** Data **

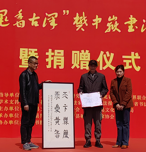 “這次展覽,我是把壓箱底的東西都拿出來了,就是想和大家一起分享這幾十年來我專注古文字和孝文化研究的一些成果,是想向云夢人民和各位藝術(shù)同道作一次匯報(bào),更期待大家對我的作品提出寶貴意見,我還要進(jìn)一步探索。我更要感恩藝術(shù)路上的各位師友親朋!”
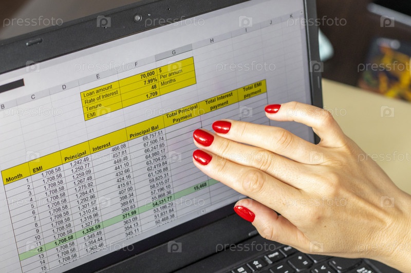 Крупный план женщины с красивыми руками и маникюром, работающей на ноутбуке, прокручивающей сенсорный экран с открытой таблицей погашения ипотечного кредита. Финансы
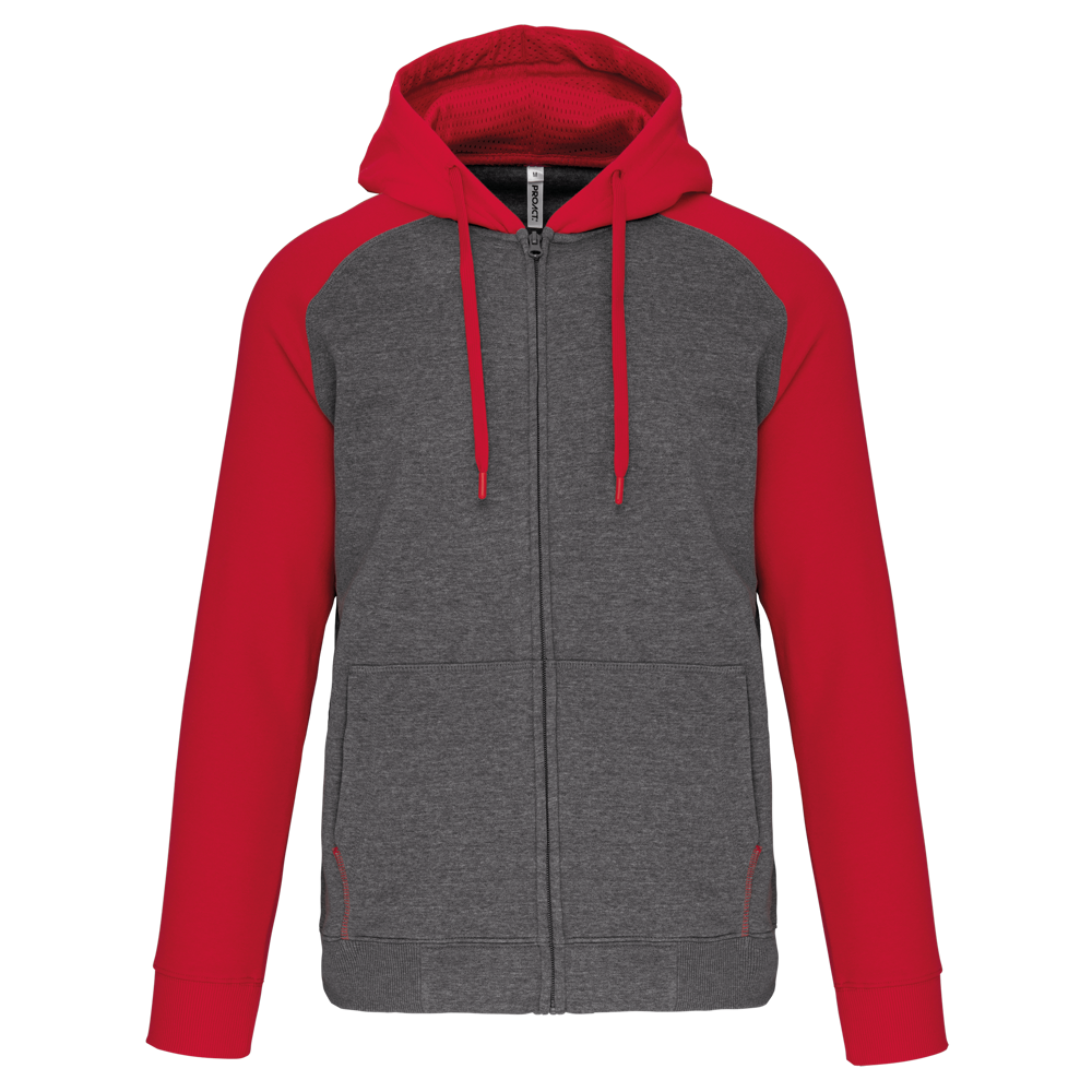 65% polyester / 35% katoen. Geborsteld fleece aan de binnenkant. Ritssluiting. Contrasterende raglanmouwen en capuchon. Capuchon gevoerd met toon op toon mesh. Kangoeroezakken met fluorescerend gsm-zakje. Opening voor headset-snoer. Mouwboorden en onderzijde in 2x2 ribboord met dubbele dikte.
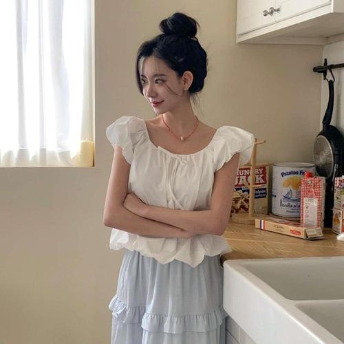 옷자락 / 여성 봄여름 시원한 리본 퍼프 크롭 셔츠
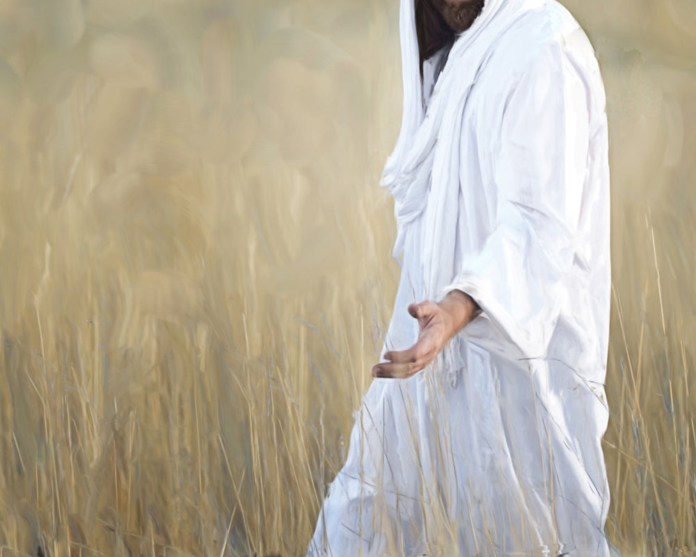 Jesus walking through a wheat field. Only his robe and outstretched hand is visible.
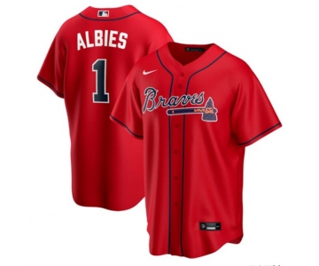 Men's Atlanta Braves #1 Ozzie Albies Red Cool Base Stitched Jersey
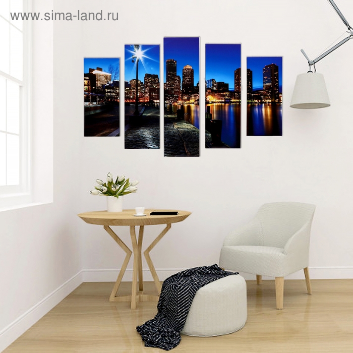 Модульная картина "Вечерняя набережная" (2-23х52; 2-24х70; 1-24х80) 120х80см
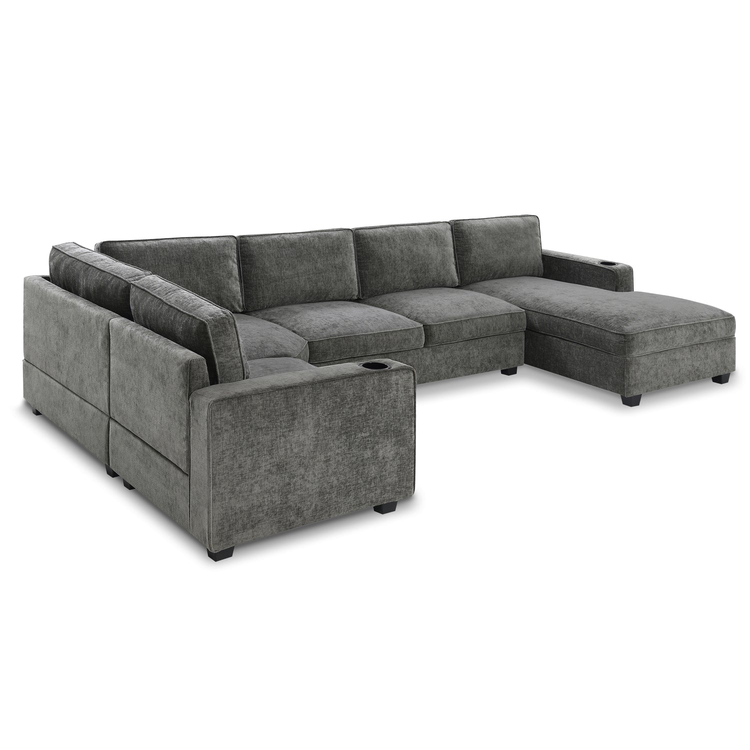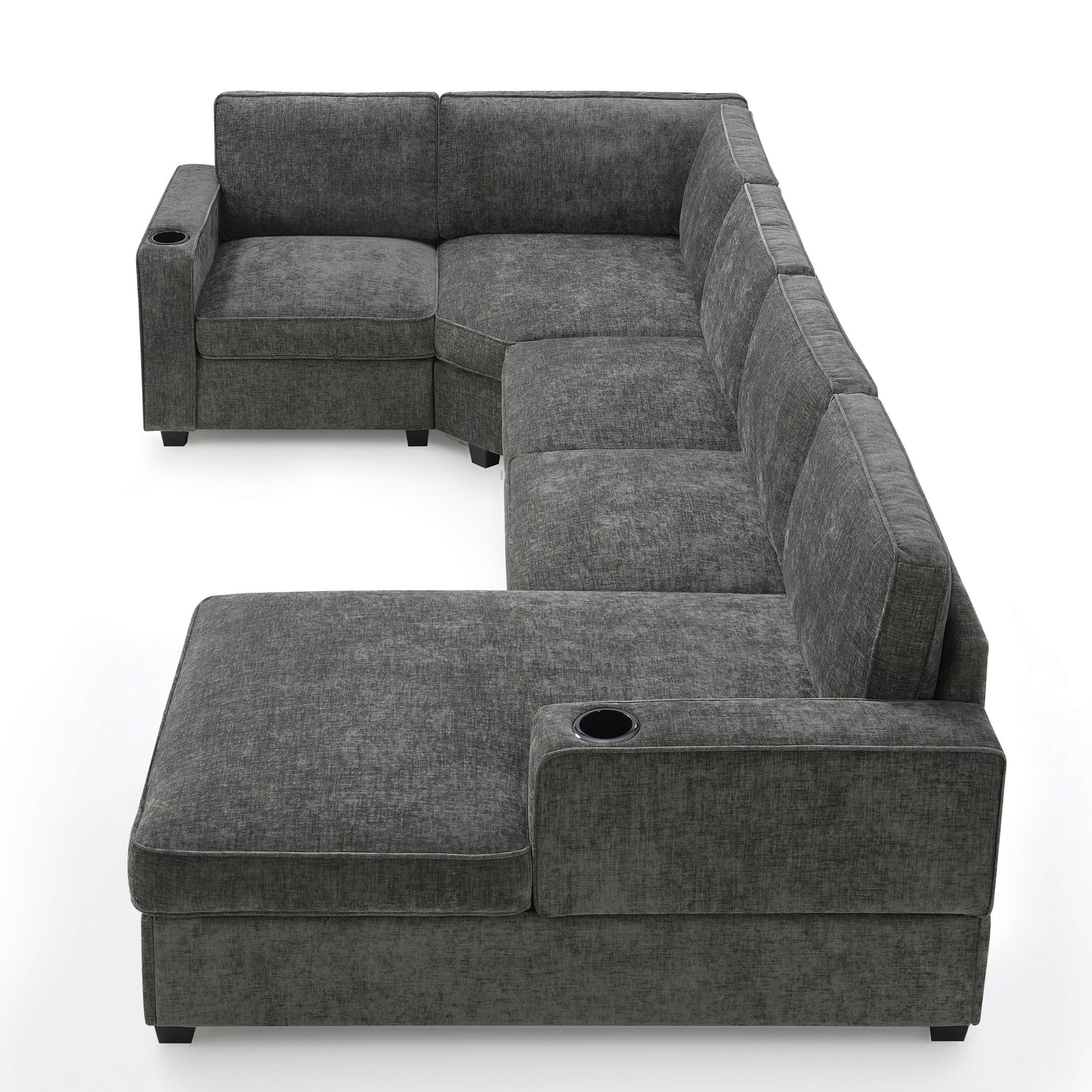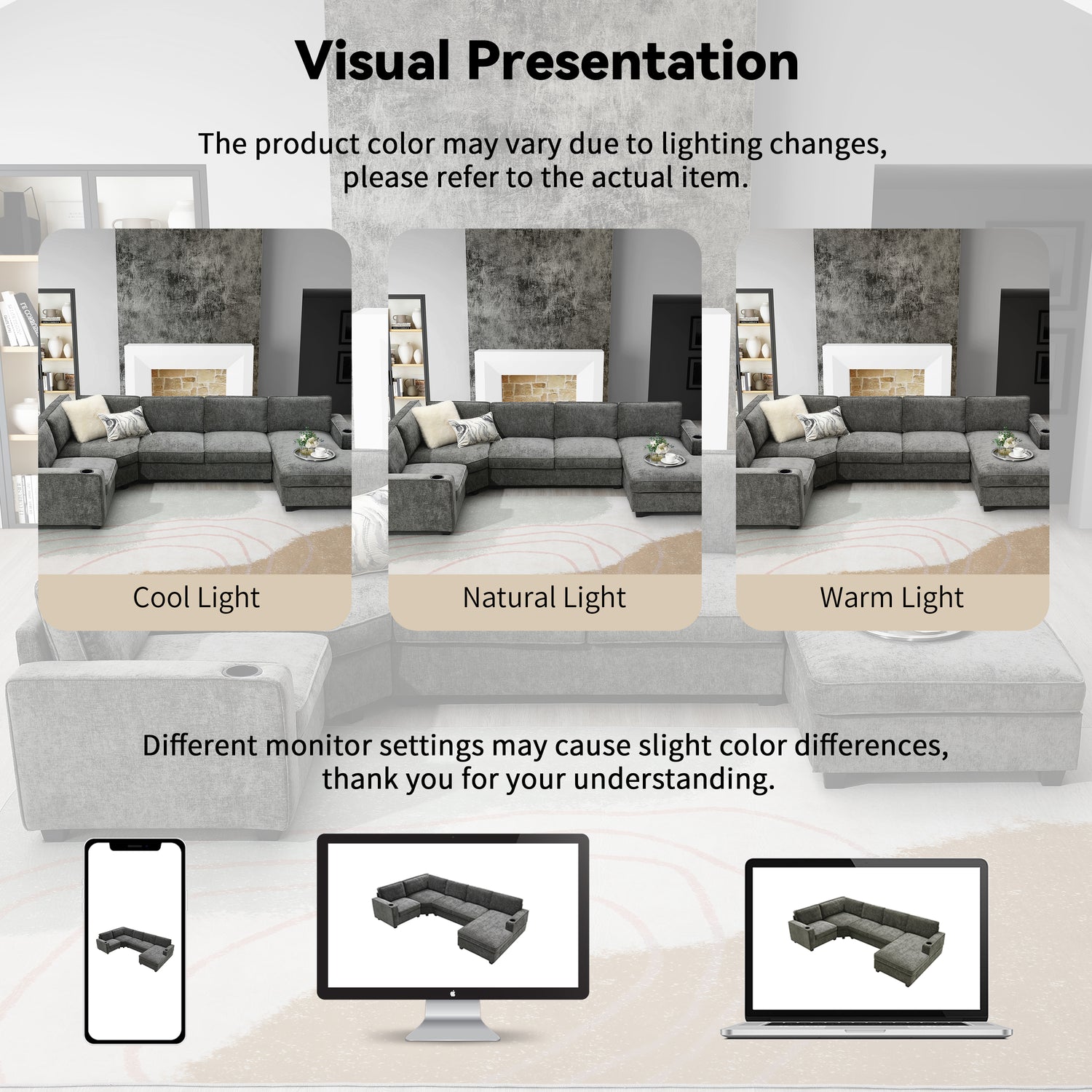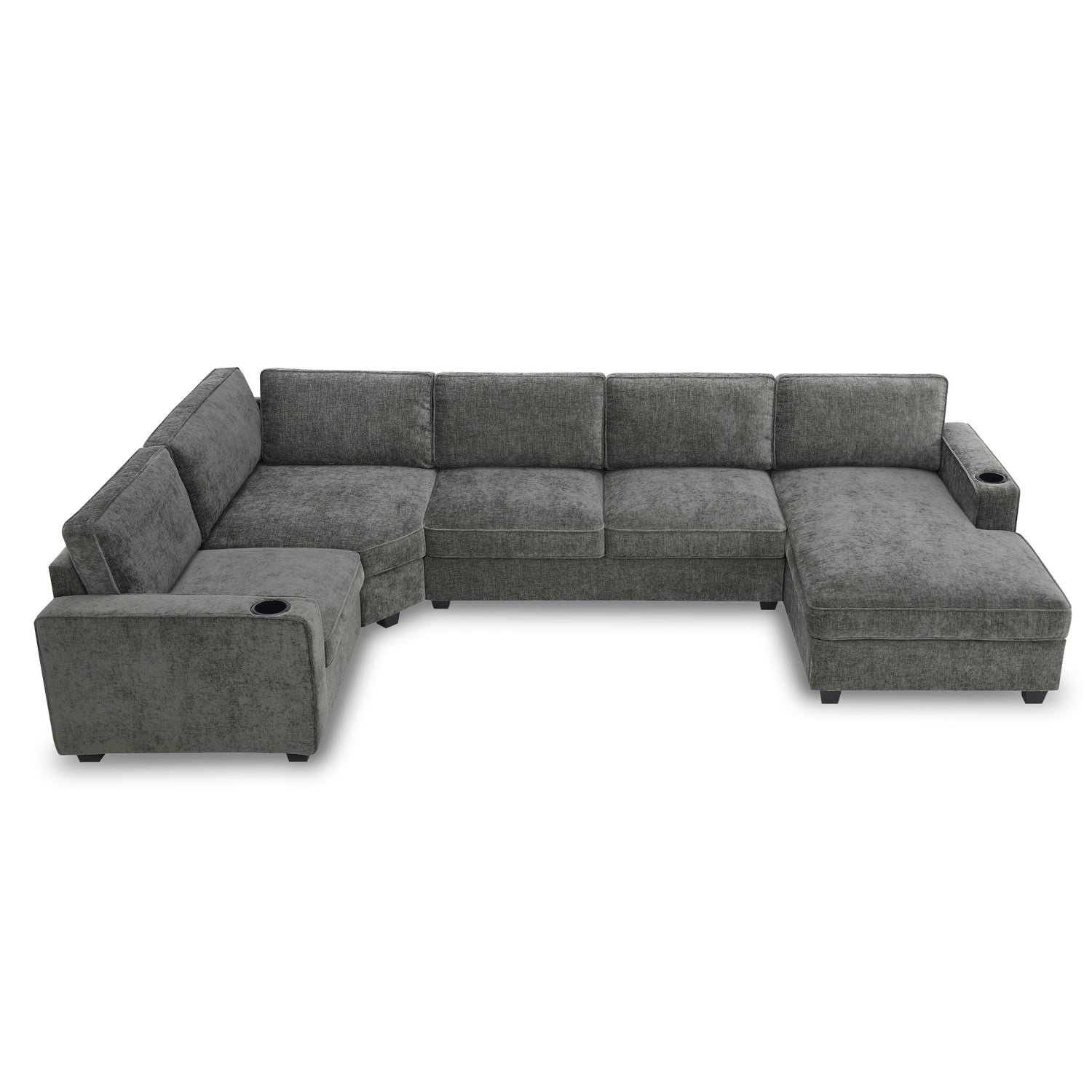 119' U-Shaped Sectional Sofa, 6 Seat Chenille Corner Couch Set with Cup Holders, Oversized Chaise Lounge, Irregular Corner, Deep and Wide Seat, Comfy Sofa for Living Room&Apartment, 2 Colors is available
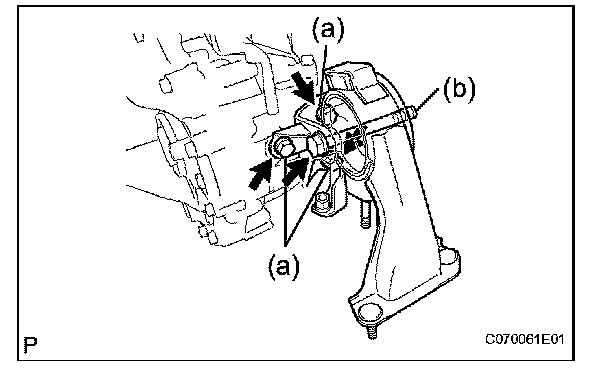 (a) Install the engine mounting bracket RR and 3 bolts to the transaxle.
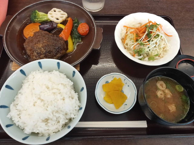 地産地消なメニューもあるので、三ヶ日牛のハンバーグ定食(990円)を食べました。
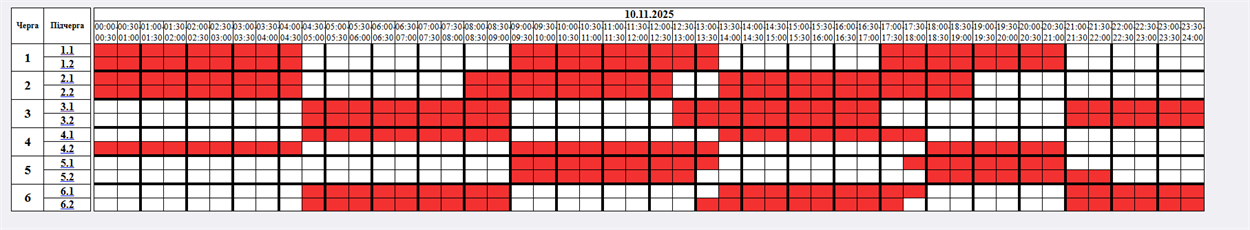 - Черга 2.1, 2.2: 00:00 - 04:30, 08:00 - 12:30, 13:30 - 19:00
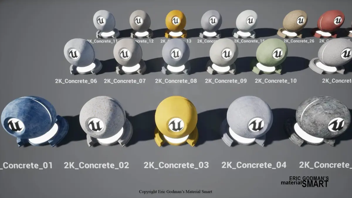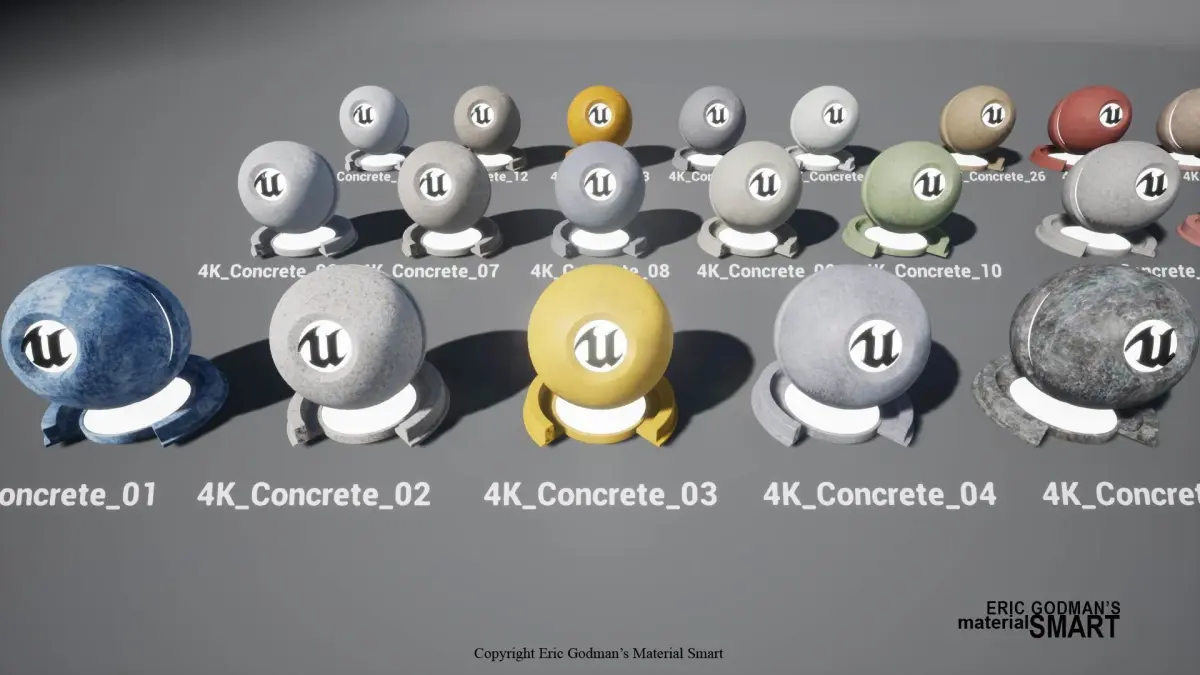 A Set of 60 material instances created with master materials from Material Smart: World Aligned Concrete Series, featuring full texture map customization, distortion, normal far field fall-off, and world aligned options for PC/Mobile development. Before you buy, please check the optimization version: Optimized Concrete World Aligned Materials: same featured materials with less than half texture loading capacity, treading off its full texture map customization options.This package contains a set of 60 smart material instances with full customization. 30 advanced/basic material instances for each PC/Mobile application developments. All material instances are created based on master materials from Material Smart: Concrete SeriesBasic material instances featuring: • BC, R, and N texture map options • Full UV optionsAdvanced material instances featuring: • BC, S, R, T, N, and AO texture map options • Full UV optionsAdditional functionalities featuring: • World Aligned toggle options on XY|XYZ|Z • Texture distortion and tessellation options • Normal map fall-off at far field option • Simple/advanced S/R texture map options • Individual UV options for all secondary texture mapsFor more concrete master materials, please check Material Smart: World Aligned Concrete SeriesFeatures: • 30 material instances for Mobile application development (Basic) • 30 material instances for mid-to-high end PC/console application development (Advanced) • 90 texture maps for Mobile material instances in 2048 resolution • 180 texture maps for PC/Console material instances in 4096 resolution • All texture maps replacement and fine-tune options • World aligned options on XY | XYZ | Z • Secondary Texture Distortion option can be toggled on/off • Tessellation options • Simple/advanced specular selection • Simple/advanced roughness selection • Normal map fall-off at far field option can be toggled on/off • Specular texture/specular simulated from roughness selectionNumber of Master Materials: 2Number of Material Functions: 9Number of Textures: 275Number of Material Instances: 60Documents: Source textures cite, and license can be found under the project folder at “Source Texture Cite & License”

** What to produce **
Taking the entries above, extract every line from the one bearing "65% polyester /" through the one bearing "- Черга 2.1, 2.2: 00:00", exactly, with no pictures.

** Written reply **
 65% polyester / 35% katoen. Geborsteld fleece aan de binnenkant. Ritssluiting. Contrasterende raglanmouwen en capuchon. Capuchon gevoerd met toon op toon mesh. Kangoeroezakken met fluorescerend gsm-zakje. Opening voor headset-snoer. Mouwboorden en onderzijde in 2x2 ribboord met dubbele dikte.
 옷자락 / 여성 봄여름 시원한 리본 퍼프 크롭 셔츠
 Jesus walking through a wheat field. Only his robe and outstretched hand is visible.
 Men's Atlanta Braves #1 Ozzie Albies Red Cool Base Stitched Jersey
 Модульная картина "Вечерняя набережная" (2-23х52; 2-24х70; 1-24х80) 120х80см
 119' U-Shaped Sectional Sofa, 6 Seat Chenille Corner Couch Set with Cup Holders, Oversized Chaise Lounge, Irregular Corner, Deep and Wide Seat, Comfy Sofa for Living Room&Apartment, 2 Colors is available
 (a) Install the engine mounting bracket RR and 3 bolts to the transaxle.
 地産地消なメニューもあるので、三ヶ日牛のハンバーグ定食(990円)を食べました。
 - Черга 2.1, 2.2: 00:00 - 04:30, 08:00 - 12:30, 13:30 - 19:00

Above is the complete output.